= Anna Tychsen =

Danish ballet dancer

Anna Regina Tychsen (1853–1896) was a German-born Danish ballet dancer. She perfected her technique with the result that she became a soloist as early as 1872. She is remembered in particular for her roles in August Bournonville's ballets, performing the title role in La Sylphide, Eliza and Victorine in Le Conservatoire and Céleste in Torreadoren.

==Biography==
Born on 1 September 1853 in Bremen, Anna Regina Scholl was the daughter of the sculptor Philip Jean Josef Scholl (1805–1861) and the actress Theodora Jocunda Dalhoff (1826–1892). When she was only five years old, she appeared on stage at the Odense Teater where her mother was employed. In 1861, she entered the Royal Danish Ballet School where she was taught by Georg Nicolai Brodersen (1819–1908). She also received private lessons from Bournonville at her home in Frederiksberg. On 11 October 1876, she married the Danish officer Valentin Emil Tychsen (1847–1914) in Odense.

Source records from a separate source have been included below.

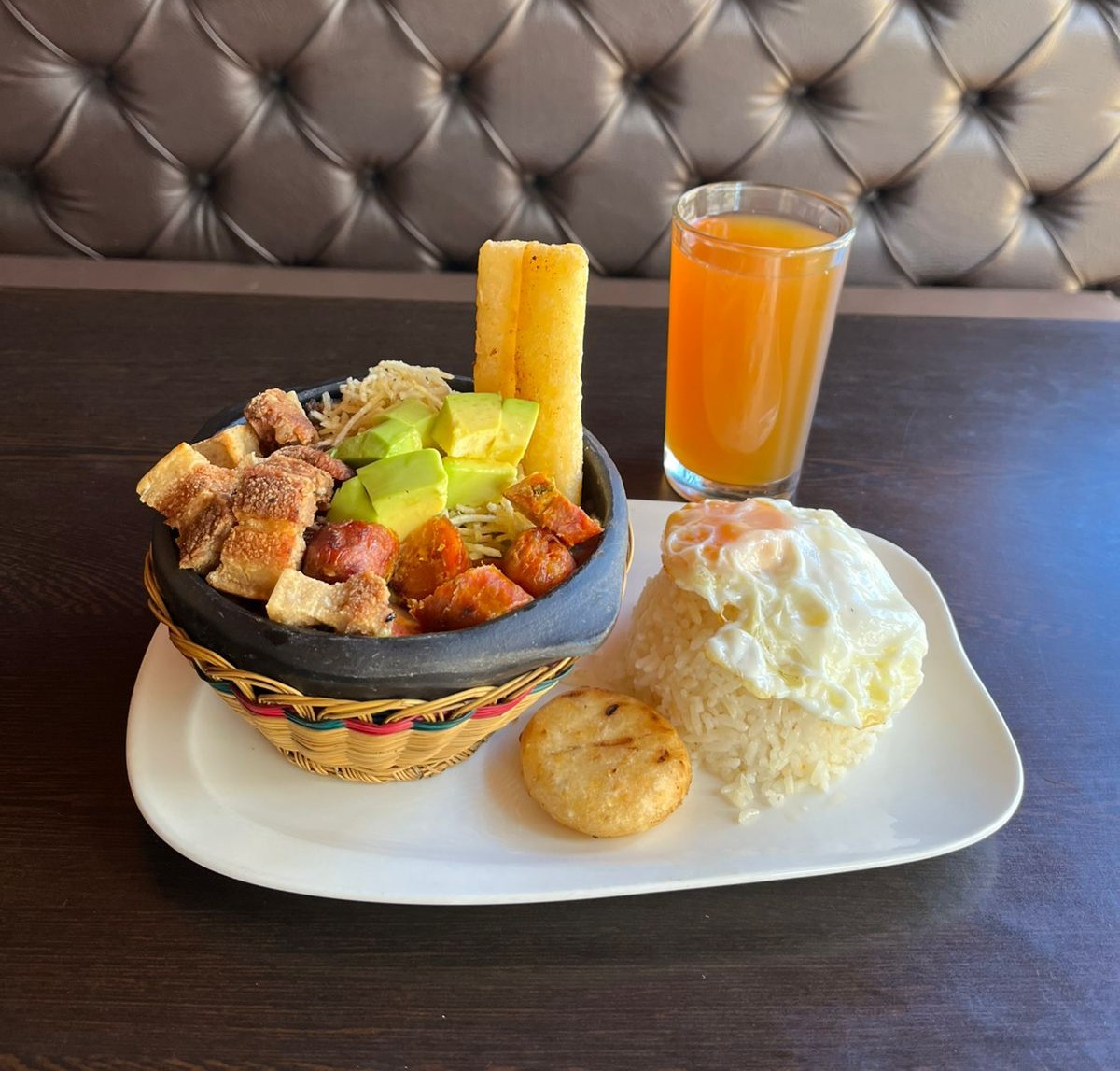 Cazuela del pueblo con arroz, frijoles, Chicharrón, chorizo, huevo frito, aguacate, croqueta de yuca, ripio de papa arroz, arepa frita, acompañado de jugo del dia
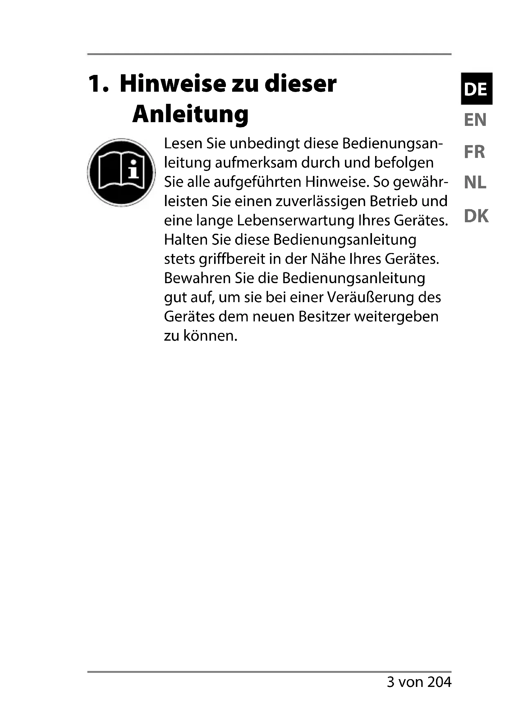 Anleitung Lesen Sie unbedingt diese Bedienungsan- leitung aufmerksam durch und befolgen Sie alle aufgeführten Hinweise. So gewähr- leisten Sie einen zuverlässigen Betrieb und eine lange Lebenserwartung Ihres Gerätes. Halten Sie diese Bedienungsanleitung stets griffbereit in der Nähe Ihres Gerätes. Bewahren Sie die Bedienungsanleitung gut auf, um sie bei einer Veräußerung des Gerätes dem neuen Besitzer weitergeben zu können. 84950 eComm ML Content Final REV7.indb 384950 eComm ML Content Final REV7.indb 3 26.05.2015 10:43:4626.05.2015 10:43:464 von 204 1.1. Verwendete Warnsymbole und Signalwörter GEFAHR! Warnung vor unmittelbarer Lebensgefahr! WARNUNG! Warnung vor möglicher Le- bensgefahr und/oder schwe- ren irreversiblen Verletzun- gen! VORSICHT! Warnung vor möglichen mitt- leren und oder leichten Verlet- zungen! ACHTUNG! Hinweise beachten, um Sach- schäden zu vermeiden! HINWEIS! Weiterführende Informationen für den Gebrauch des Gerätes! 84950 eComm ML Content Final REV7.indb 484950 eComm ML Content Final REV7.indb 4 26.05.2015 10:43:4826.05.2015 10:43:485 von 204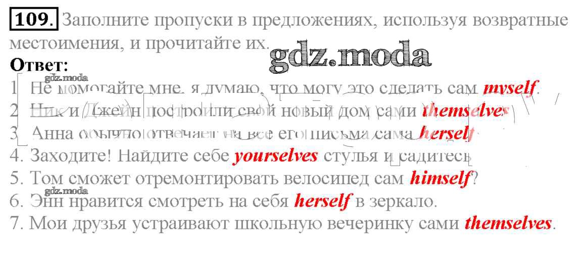 ОТВЕТ на задание № 109 Учебник по Английскому языку 6 класс Биболетова Enjoy English
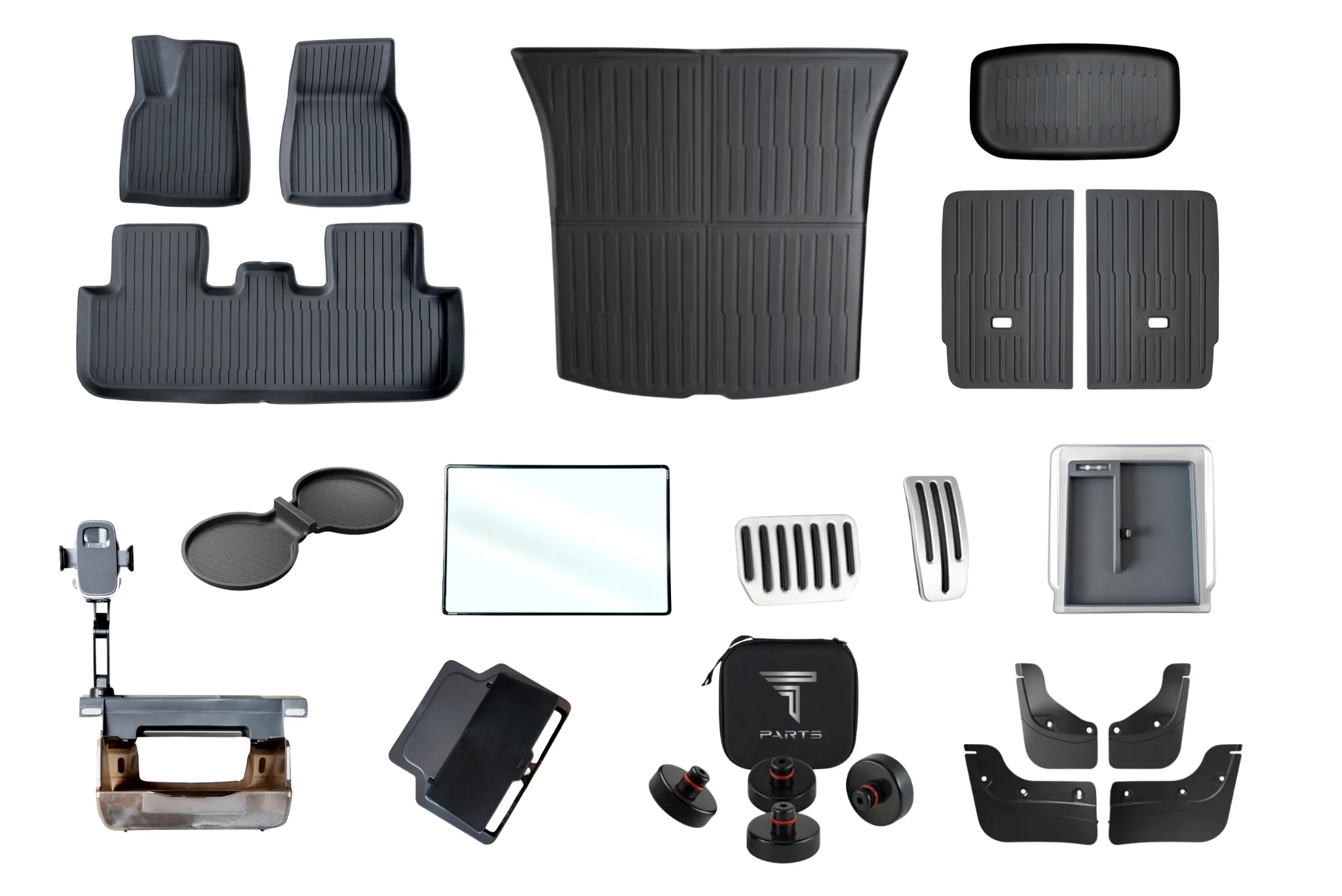 - Tesla Lift Takozu (4’lü Set): Taşıma çantalı, servis ve lastik değişimlerinde batarya güvenliği için kritik öneme sahip yüksek mukavemetli padler.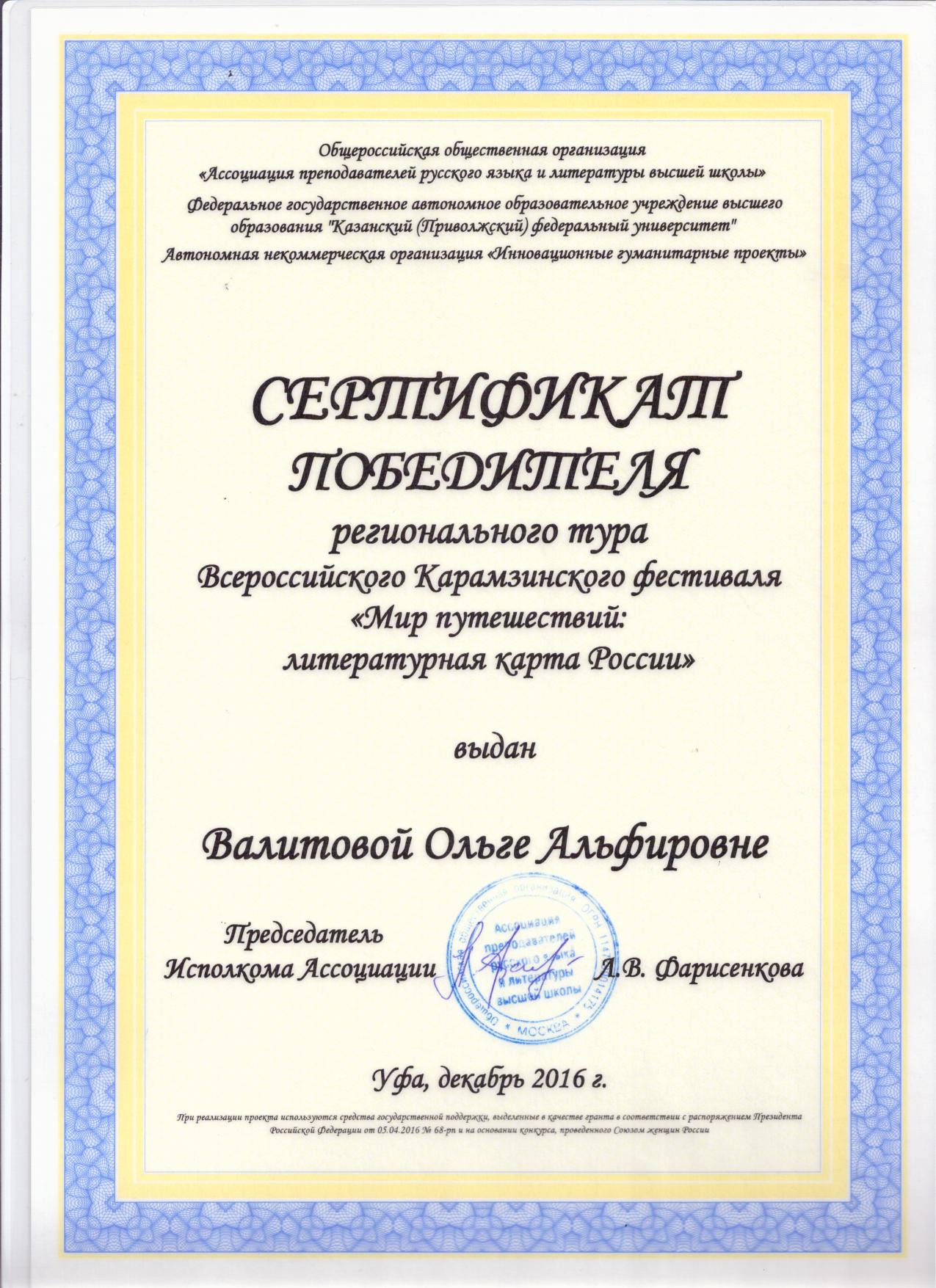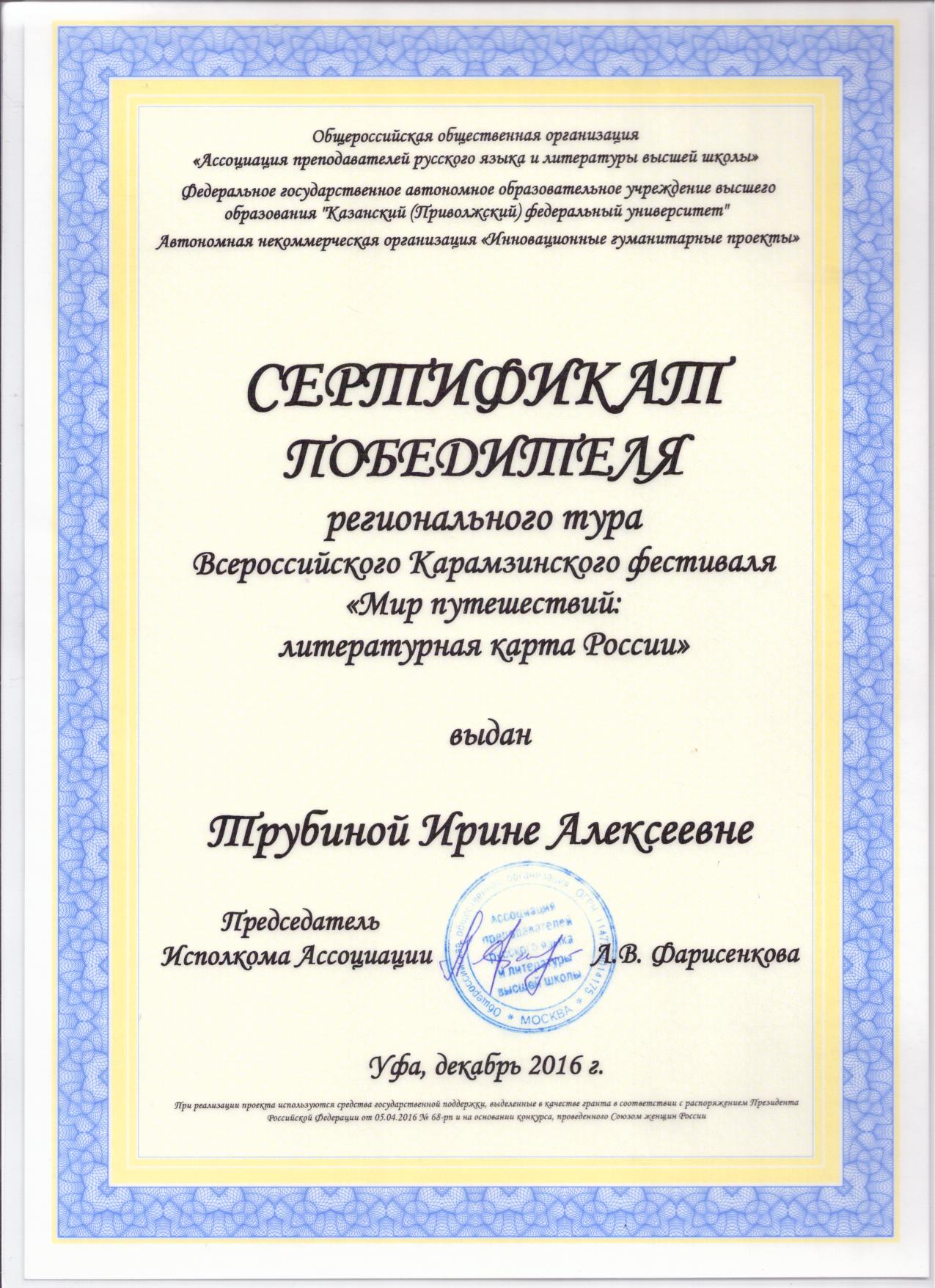 20-21 февраля 2017 года в Казани состоялось закрытие Всероссийского Карамзинского фестиваля, в котором приняли участие студенты 2-3 курсов ИФОМК (профиль «Русский язык и литература»). Победителями регионального тура фестиваля стали Валитова Ольга и Трубина Ирина. Их проект «Литературная гостиная “Великий гражданин земли русской”» был оценен в ряду других исследовательских и творческих работ, представленных от 10 регионов России. Программа фестиваля включала в себя не только презентацию проектов, но и встречу с учеными Казанского федерального университета, знакомство с достопримечательностями столицы Татарстана. Ассоциация преподавателей русского языка и литературы высшей школы выразила благодарность организатору регионального тура фестиваля профессору В.В. Борисовой.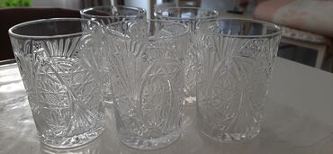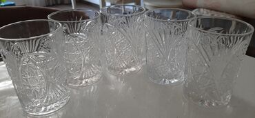 стаканы для компота старых времен 6 шт. хрусталь ,цена 10 ман, хрустальные стаканы 5 шт -10 ман .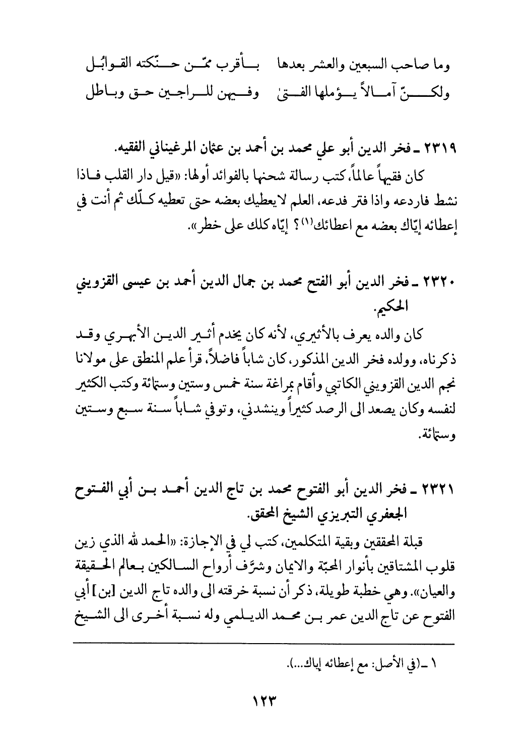 2319 - فخر الدين أبو علي محمد بن أحمد بن عثمان المرغيناني الفقيه.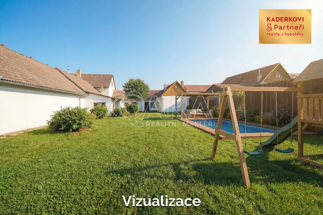 Klidné bydlení s velkou zahradou a dalším pozemkem Mezi Telčí a Třebíčí v obci Předín nabízíme ke koupi jednopodlažní rodinný dům 3+1 se zahradou za domem a další zahradou v obci – ideální kombinaci klidného bydlení a prostoru pro vlastní realizaci. Dům je řešen jako 3+1 a jeho velkou předností jsou prostorné obytné místnosti, které dnes nebývají samozřejmostí. Pokoje mají výměry přibližně 20 m², 19,3 m² a 19,6 m². Součástí domu je také prostorná vstupní hala o výměře cca 23,6 m², která může sloužit také jako místo k setkávání nebo nabídnout nadstandardní úložné možnosti. Objekt je částečně podsklepený – sklep má výměru přibližně 10 m² a poskytuje další praktické zázemí. Uvedené výměry jsou pouze orientační. K domu náleží také další prostory vhodné například pro dílnu, sklad nebo hobby místnost, což výrazně rozšiřuje možnosti využití celé nemovitosti. Vytápění je řešeno zánovním plynovým kotlem. Dvě zahrady s celkovou plochou 1 160 m² Za domem se rozprostírá hlavní zahrada o výměře cca 405 m² s příjezdem ze zadní strany pozemku, která umožňuje vytvořit si skutečné rodinné zázemí – od bazénu a pergoly přes parkování pro více aut až po dětské hřiště nebo klidnou relaxační zónu. Pro inspiraci, jak by to tady mohlo vypadat, se můžete podívat na přiložené vizualizace. Druhá zahrada se nachází také v obci a má výměru 457 m². Tuto zahradu je možné využít například jako ovocný sad nebo pěstební zahradu. V obci Předín najdeme například mateřskou i základní školu, poštu, potraviny a zázemí pro volný čas, např. víceúčelové hřiště a kulturní dům. Obec Předín nabízí klidné bydlení mezi městy Telč a Třebíč, což zajišťuje dobrou dostupnost služeb i pracovních příležitostí.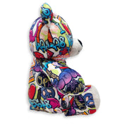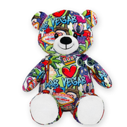 This super soft teddy bear is made entirely with recycled plastic bottles! This is a proprietary graffiti inspired design is printed on a sustainably soft velboa material. When made into a teddy, it creates a unique item unlike any of the others made from the same material. This teddy has "I (heart) Las Vegas" printed on it along with symbols like the a peace sign, a magic hat with with dice, a palm tree, the Eiffel Tower, a flamingo, and even the iconic Welcome to Las Vegas sign.

When she was 14, she was allowed to appear in Pas de Trois Cousines together with Betty Hennings who was to perform with her frequently. Her début was on her 15th birthday when she danced a Spanish seguidilla. She completed her education at the Paris Opera Ballet School.

Tychsen had to fight hard for prominent roles as she did not exhibit the natural charisma of many of her colleagues. During her early training, Bournonville had commented that she would have to dance "twice as well as the others as she was really no beauty". She nevertheless progressed, succeeding in being assigned the role of Edvard, a naval cadet in Fjernt fra Danmark, in 1868. After becoming a soloist in 1872, she went on to perform in various roles in Bournonville's ballets. These included the title role in La Sylphide, Eliza and Victorine in Le Conservatoire and Céleste in Torreadoren. In 1887, she was a guest dancer at the Royal Swedish Opera. To enthusiastic applause, she retired in June 1889, once again as the naval cadet Edvard.

Anna Tychsen died in Copenhagen on 21 November 1896.